On Thu, 1 Oct 2020 07:37:11 +0100 Mark Rogers mark@more-solutions.co.uk allegedly wrote:
On Wed, 30 Sep 2020 at 19:33, mick mbm@rlogin.net wrote:
Why do you not want your DNS queries to go over the VPN? Surely that is /exactly/ what you /should/ want? Certainly I always do. Anything else is a leak and a potential privacy nightmare.
Why would I not want all of the DNS queries which have nothing to do with my office network to go via the VPN for the sake of one or maybe two that need to go that way?
Latency. And, frankly, privacy.
The VPN is over a relatively slow ADSL link. If I had reason to want to keep my DNS queries private then there are far better options (including use of a VPN service that doesn't operate over a slow link to my office). There are lots of uses for a VPN, and one of them is to keep your network activities private but another largely independent one is gaining secure access to another network, and it's the latter usage I'm employing here.
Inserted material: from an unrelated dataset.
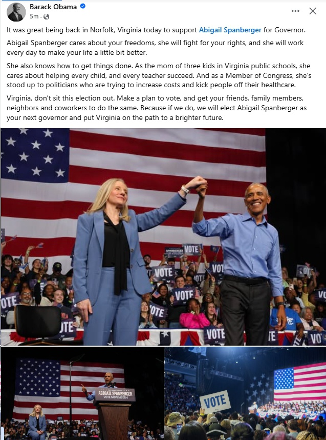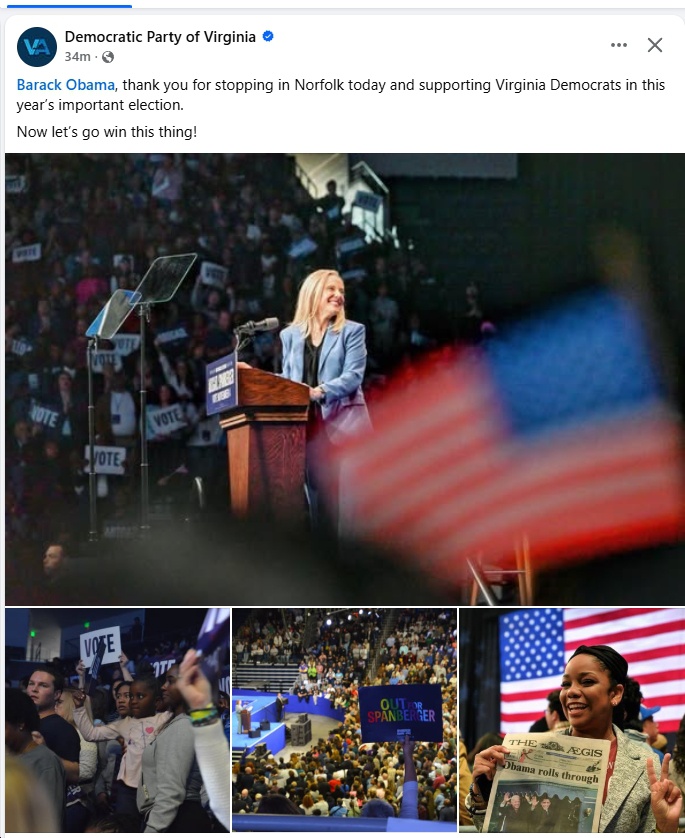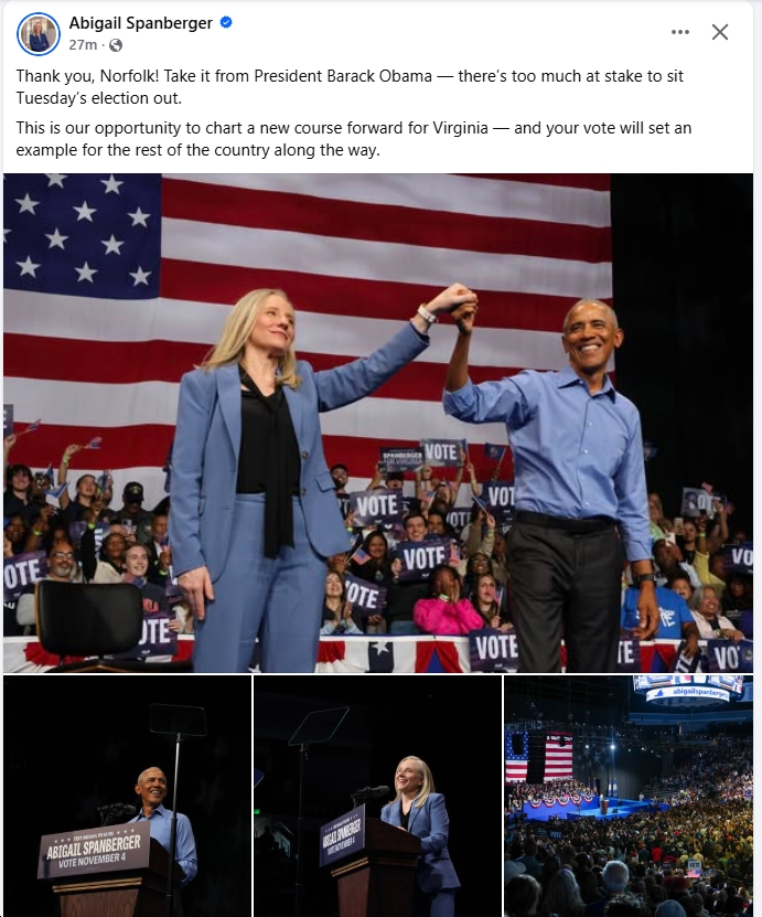 Before introducing the former president, Spanberger made clear that she will be a Governor who will always put the Commonwealth first — a Governor focused on lowering costs for Virginia families, growing Virginia’s economy, protecting Virginians’ fundamental rights, strengthening Virginia’s schools, and delivering for all Virginia families.

But the idea that I should necessarily trust the VPN provider with my privacy is flawed anyway: if I'm accessing a customer's VPN then sending all my DNS requests via their DNS potentially exposes a lot of commercially sensitive information, for example you could probably glean quite a lot about who my other clients are by looking at the sites I access; as far as I am concerned *nothing* unrelated to that customer should cross the VPN to their network, quite apart from performance issues that result from it. If you consider that DNS content has any privacy implications then you surely cannot also say consider that this content should be made to any and all VPN provider you may have reason to access. (A few customers have VPNs configured such that all network traffic *must* go through the VPN once established; for those we inevitably set up a virtual machine to protect our own security and that of our other clients.)
And a third issue: how does your solution work if I have reason to access two VPNs simultaneously? (Something I do quite often: accessing a customer VPN to support their systems whilst accessing my office VPN for the resources to do so, although to date I have not needed to access resources on the customer VPN by hostname so DNS hasn't been an issue.)
If you are inside your network, then the internal DNS will correctly resolve the addreses and you can reach the servers. If you are /outside/ the network, then by definition you cannot reach the internal servers unless you use the VPN, and if you are using the VPN, what is the problem with using the internal DNS?
Happy to use the internal DNS, via the VPN, for queries relating *only* to domains hosted there. Is that possible with DNS? In this case I'd even accept deferring any unresolved queries to the VPN's DNS, although I'd be reluctant to do so on a general basis and again I'm not aware of this being possible.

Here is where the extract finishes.